Preparing for a Mental Health Appointment

What can you expect from your first consultation?

Written by Paola Singer

Preparing for a Mental Health Appointment

01 Mental health treatment comes in many different forms. That's why it's so important to do research before setting up a visit.

02 Everyone should understand who they're seeing, what services that clinician provides, and what information they'll need to share prior to an appointment.

03 Being in touch with your own expectations is a key component of successful therapy. Don't hold back. Be candid and ask for what you need.

Going to see a psychotherapist or psychiatrist for the first time can be intimidating, especially if you’re not used to talking openly about distressing thoughts or painful life events. But even if you do feel comfortable sharing your experience, you may not know exactly what to expect or how to make the most of your time with a professional.

Here’s a quick guide to help you prepare for your first appointment:

Know who you're seeing.

Both psychiatrists and psychologists are trained to help people deal with mental health issues, but only psychiatrists can prescribe medication. If you’re not sure whether you’ll need medication or not, a psychologist is a good starting point.

Psychiatrists receive training in psychotherapy, yet many focus primarily on pharmacology.
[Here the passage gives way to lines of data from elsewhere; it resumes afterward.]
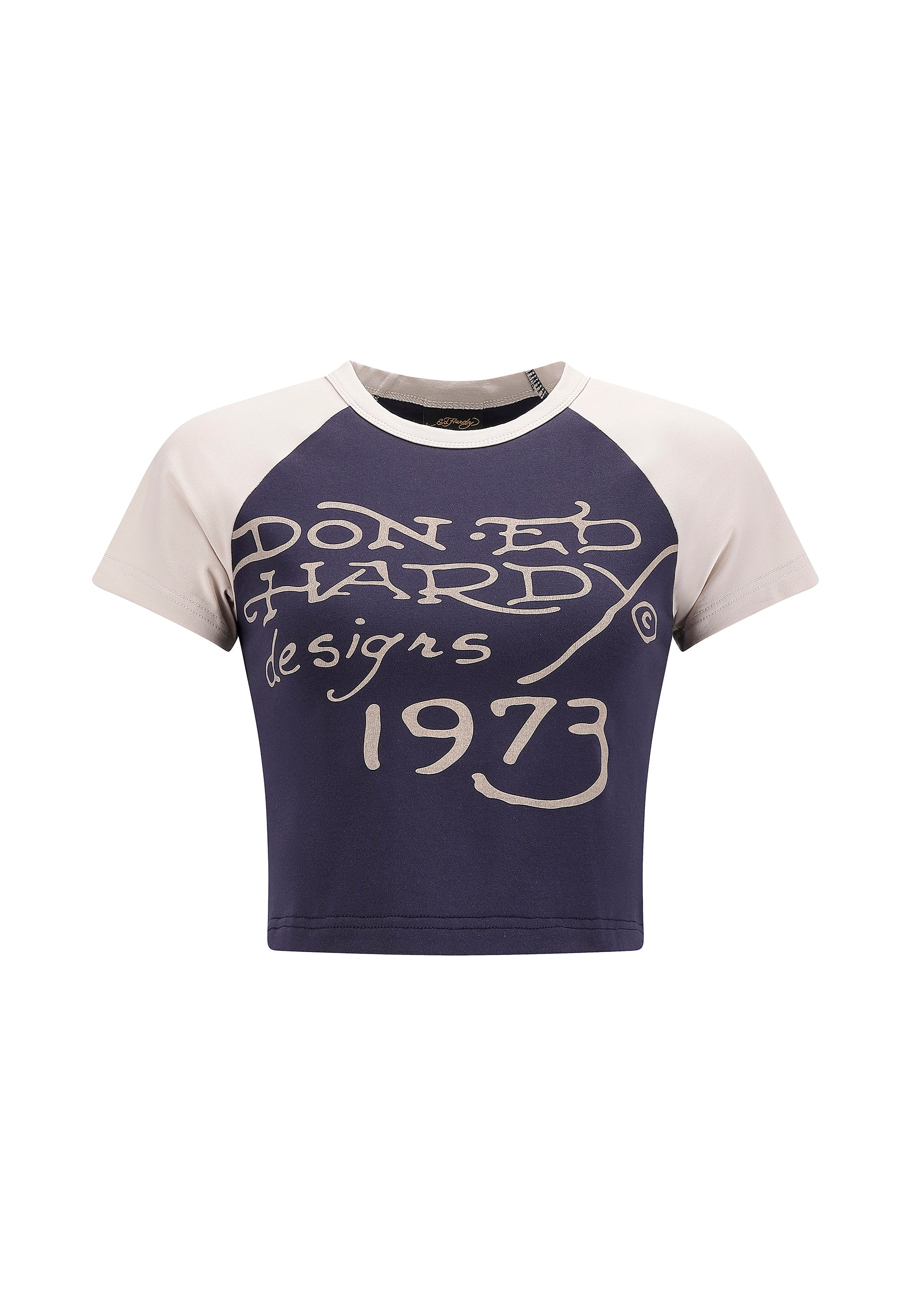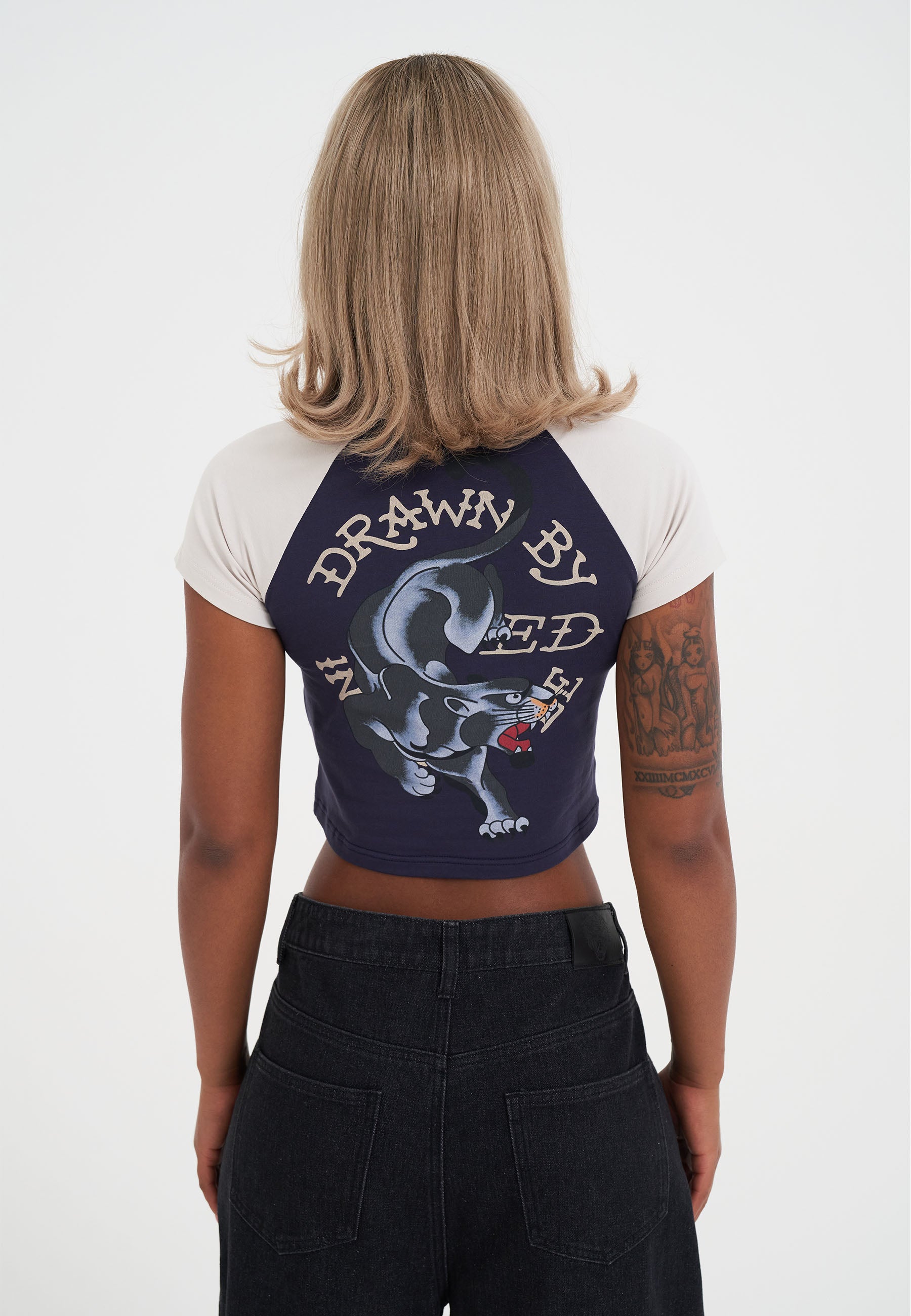 Womens Drawn Panther Ringer Baby T-Shirt Top - Navy
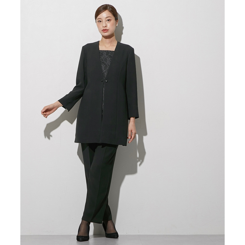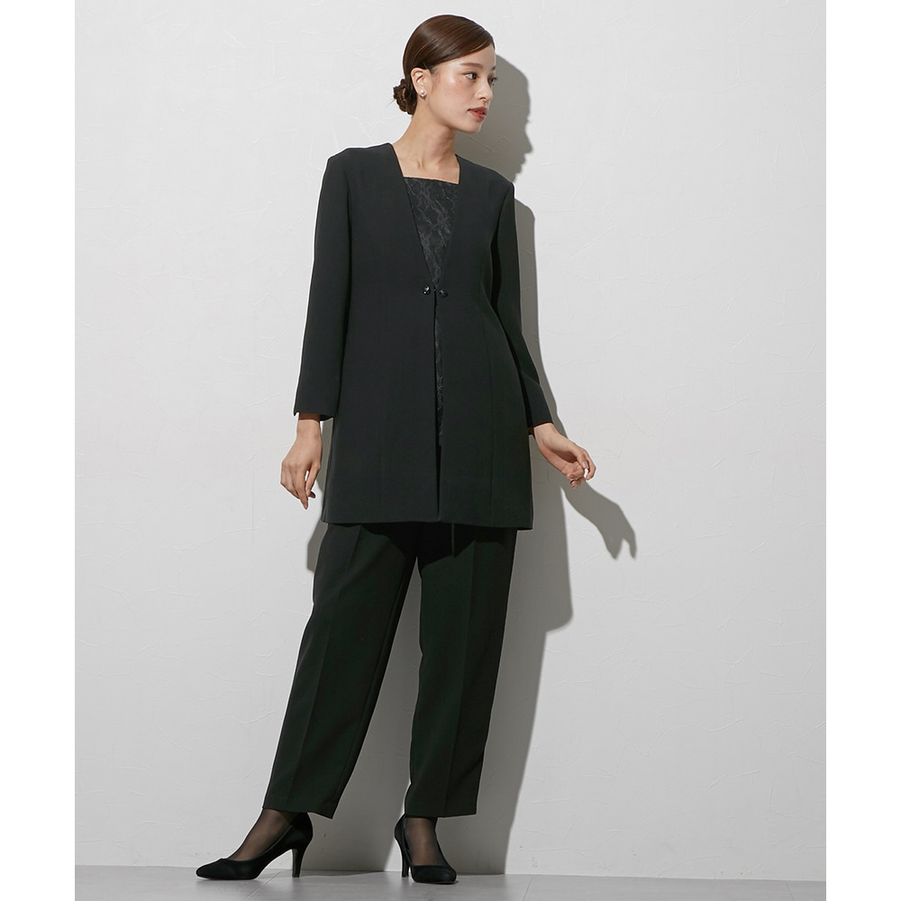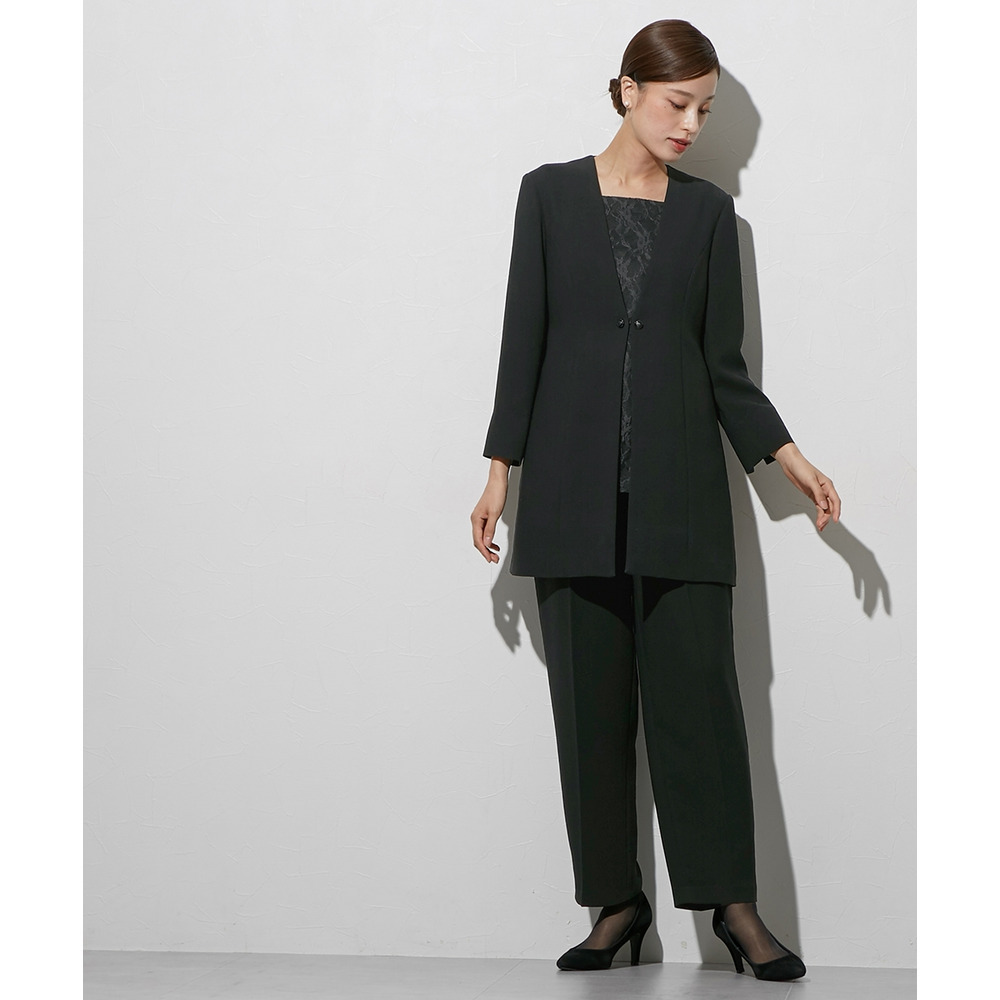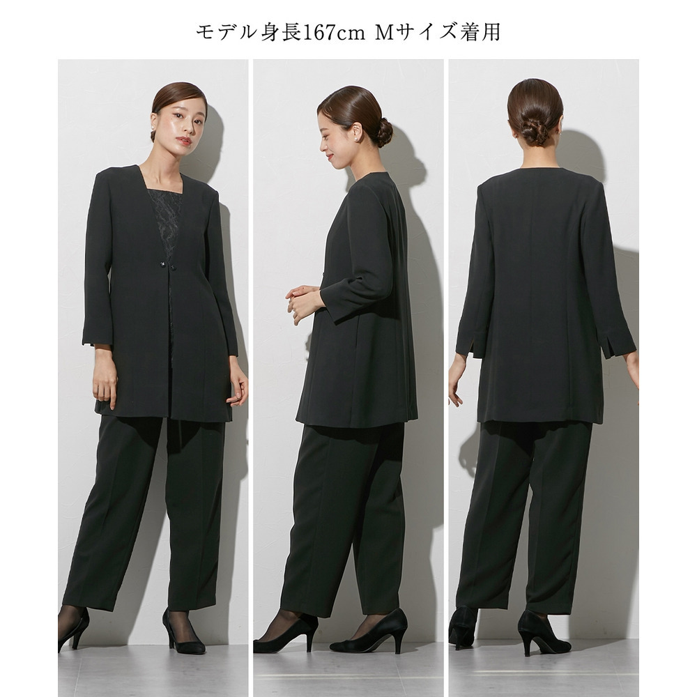 喪服としてだけでなく、結婚式・参観日・卒業式などすべてのフォーマルシーンに対応できるパンツスーツです
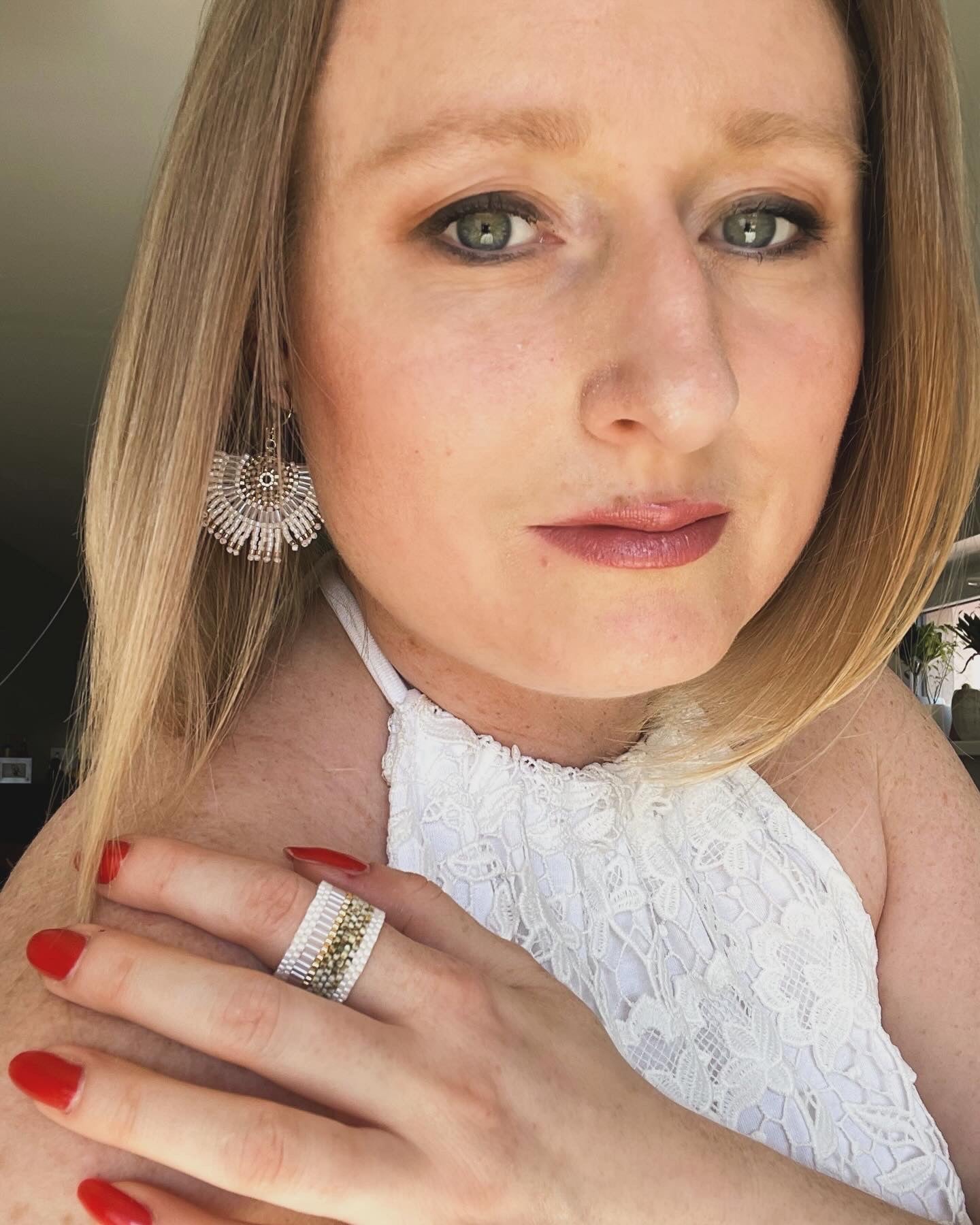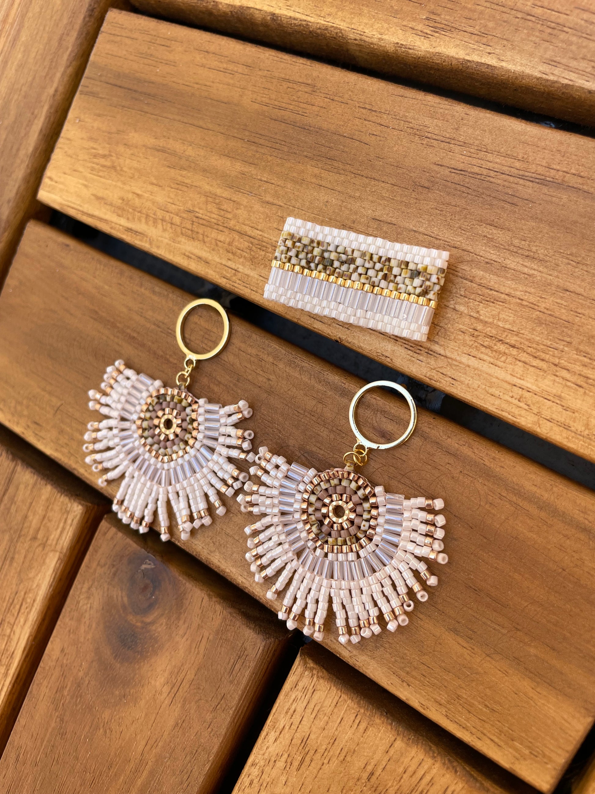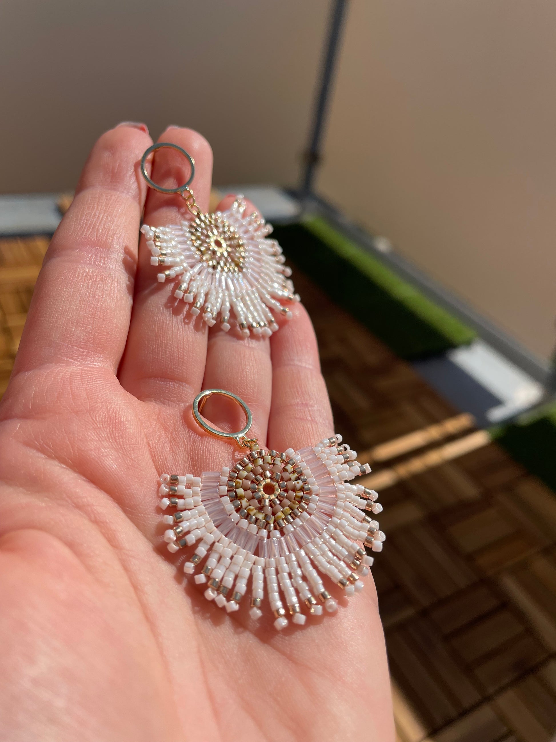 Jemné náušnice ve tvaru vějíře jsou ručně šité z japonských skleněných korálků MIYUKI Delica.
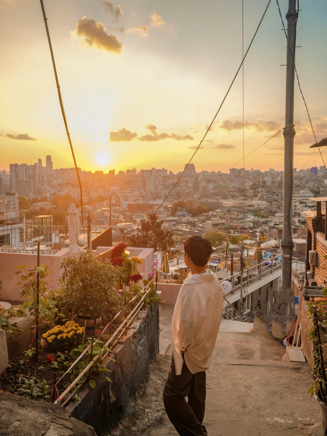 在半山腰的山城步道里看首尔的日落真的很浪漫
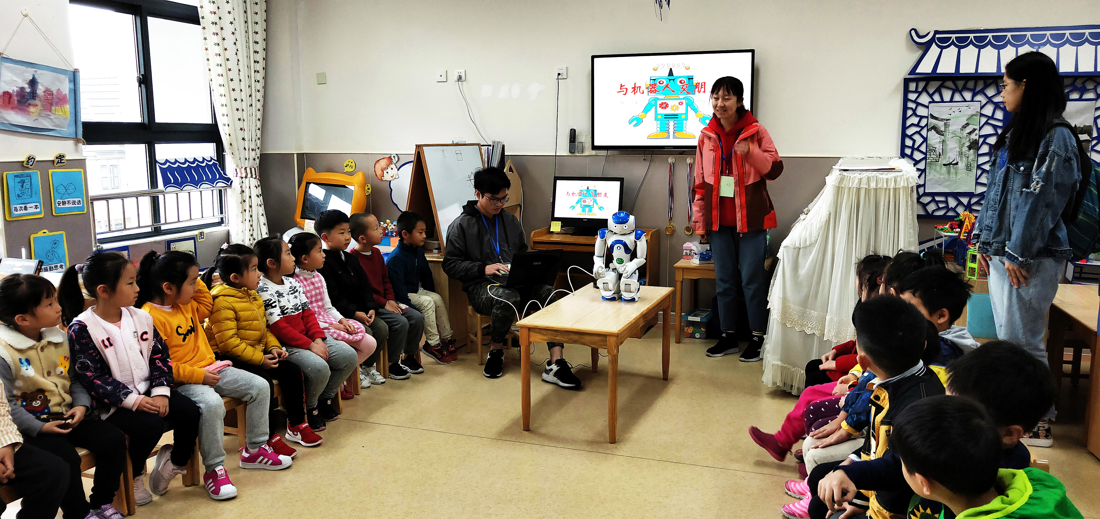 (前往龙马幼儿园开展“与机器人交朋友”志愿服务)

Most people who take medication see a psychologist for regular talk therapy, and also a psychiatrist every month or every few months for medication management.

Set expectations.

Think about the information you should share with the provider and what you expect from treatment. Write those things down and bring the list with you to the appointment. If it seems easier, show the list to the therapist or doctor. It’s necessary to be completely honest and forthcoming, but it’s also useful to be concise during the first meeting. Time can go by quickly.

Prepare questions.

The following is a useful set of questions you can ask yourself before the appointment:

  • When and how did you first notice symptoms?
  • To what extent is your daily life affected by them?
  • What have you tried on your own to feel better or what makes you feel worse?
  • Was there an event or series of events that precipitated your symptoms? 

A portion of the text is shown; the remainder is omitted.